I’ve communicated this to him before, but while he was gone last week, and our communication was limited, it really hit me. Hard. Last night we talked about it again and I was able to be more clear about my feelings and how it effects me.

Yes, I am an independent woman. I can do things on my own. I know he loves me and thinks of me. But, I need him, more than I ever imagined I could, more than I ever imagined I did. I need his presence, in any form. He is the positive energy that fuels me, the strength that tops mine off, the love that fills my heart. Now that my guard is down and I’ve given myself to him, I just need him, I need his energy, I need his reassurance. A lot.

I’d Be Toast

When I have those days when I feel so overwhelmed with emotion and my brain can’t possibly absorb another sensory attack, I’d love to be able to hide. I’d love to be able have the down time I need to process. Most times, I don’t, it’s just not possible. There aren’t 30 hours in a day. People don’t stop needing me and the world doesn’t go silent. The processing has to go on in my periphery. It has to be on the back burner. I have to find a way to get through the day, find some rest, and wake up for next, ready for more.

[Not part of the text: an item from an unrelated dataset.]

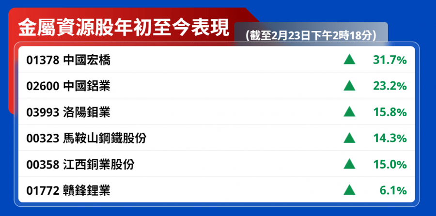 金屬資源股年初至今表現亮麗,中國宏橋(01378)及

Writing it out always helps me. It’s the only way I know how to organize my thoughts. I jot things down, sometimes by hand, on sraps of paper or in a notebook. I use an app on my iPad. Then, I think and revisit and revise and edit. I splice and add and condense, in my head as well as in words on paper or screen. Sometimes, because there’s only so much time or an issue is very difficult to sort (or both!), that process can take days or even weeks, but I’m embracing that process. I know I’m always better for it in the long run.

Yet, along the way, life can feel pretty overwhelming. It doesn’t slow down and my brain and heart are already so full, still overwhelmed. The one thing I count on to help me refuel and make room in my well is alone time with M. When the girls go to bed and the house is quiet, and it’s just he and I. I shower, scrub away the grime of the day and do my prep work. Then, we can talk and snuggle and we can hang up all our hats and just be. He’s my refueling station, the one I know I can look forward to most days.

The days I really need him and life doesn’t allow for it; those days are the most difficult. The days there’s also no time to write. There are days I’m lucky to have a thought of my own, but I know, at some point, I’ll see him, I’ll have time to write. I’ll be okay.

Some days, he needs me more than I need him. I need to be strong enough for the both of us, I need to help him carry his load, help him smile or be there so he can lose himself in me. I’m grateful he counts on me and trusts me so fully to do that for him.

That’s what this is all about, that communication and connection. The give and take and meeting one another’s needs. The knowing when and how, the being attuned to one another in such a deep and intimate way. Without it, I’d be toast.